我强烈建议你在继续本教程之前，阅读文末提供的链接。  
I strongly encourage you to read all materials linked at the end of this notebook.

#### To be specific, you ought to know:
__1. One-hot encoding__  
__2. Cross entropy loss__  
__3. Maximum likelihood estimation__  
__4. Softmax classifier__  
__5. Fully connected neural network__  

## A TensorFlow Example
This is based on [TensorFlow website tutorial](https://www.tensorflow.org/tutorials/word2vec)

In [1]:
### Python3

# First let's import all the necessary dependencies
import collections
import math
import os
import random
import zipfile

import numpy as np
import urllib
import tensorflow as tf
from tensorflow.contrib.tensorboard.plugins import projector

from pandas import DataFrame

# Check TensorFlow version. I encourage you to use 1.X. I use 1.0
print(tf.__version__)

1.0.0


In [6]:
# Step 1: Download the data.
url = 'http://mattmahoney.net/dc/'

# We want to download data from this url, if it's the first time
def maybe_download(filename, expected_bytes):
  """
  Download a file if not present, and make sure it's the right size.
  """
  if not os.path.exists(filename):
    filename, _ = urllib.request.urlretrieve(url + filename, filename)
  statinfo = os.stat(filename)
  if statinfo.st_size == expected_bytes:
    print('Found and verified', filename)
  else:
    print(statinfo.st_size)
    raise Exception('Failed to verify ' + filename + '. Can you get to it with a browser?')
  return filename

filename = maybe_download('text8.zip', 31344016)  # do not change this line


# Read the data into a list of strings.
def read_data(filename):
  """Extract the first file enclosed in a zip file as a list of words"""
  with zipfile.ZipFile(filename) as f:
    data = tf.compat.as_str(f.read(f.namelist()[0])).split()
  return data

# Now we have the data
words = read_data(filename)
print('Data size', len(words))  # The length of "words", not bytes

Found and verified text8.zip
Data size 17005207


In [7]:
# Step 2: Build the dictionary and replace rare words with UNK token.

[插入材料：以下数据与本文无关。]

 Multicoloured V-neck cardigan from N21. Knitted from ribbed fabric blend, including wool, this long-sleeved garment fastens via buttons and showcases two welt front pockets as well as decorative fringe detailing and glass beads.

# We only want 50000 words in the vocabulary just for the sake of demonstration
vocabulary_size = 50000


def build_dataset(words, vocabulary_size):
  # UNK is a special token we use to represent "empty word", or thrown away words
  # Since we want the most common 49999 words in the data
  # we will throw away some less commonly used words
  count = [['UNK', -1]]
  count.extend(collections.Counter(words).most_common(vocabulary_size - 1))
  dictionary = dict()
  for word, _ in count:
    dictionary[word] = len(dictionary)
  data = list()
  unk_count = 0
  for word in words:
    if word in dictionary:
      index = dictionary[word]
    else:
      index = 0  # dictionary['UNK']
      unk_count += 1
    data.append(index)
  count[0][1] = unk_count
  reverse_dictionary = dict(zip(dictionary.values(), dictionary.keys()))
  return data, count, dictionary, reverse_dictionary

data, count, dictionary, reverse_dictionary = build_dataset(words, vocabulary_size)

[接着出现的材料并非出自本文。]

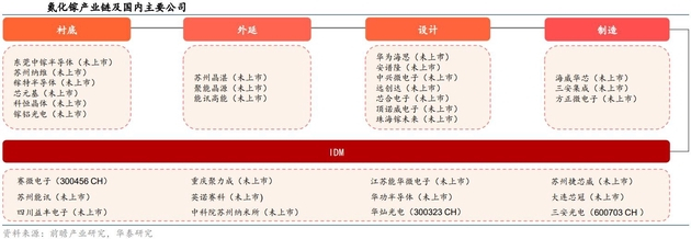 国内GaN产业链也在加速布局中。国内企业在衬底、外延、设计、制造等领域均已布局,包括GaN衬底制造商苏州纳维、东莞中镓;外延制造商晶湛半导体、江苏能华;设计企业安谱隆、海思半导体;制造企业三安集成、海威华芯等。

# Python uses reference counting as its memory management method.
# delete a name from a namespace will descrease the count of references to an object by one
# since we only have 1 reference to the underlaying "word" object
# deleting the name "word" will get rid of all references to that object
# then this object will be freed from memory
del words  # Hint to reduce memory.

# Reference counting is different from gabage collection, which is used by JVM for example.

# Gabage collection happens when the runtime schedules to do so.
# When gabage collection happens is beyond the control of programmers.
# But, in general, gabage collection is faster than reference counting.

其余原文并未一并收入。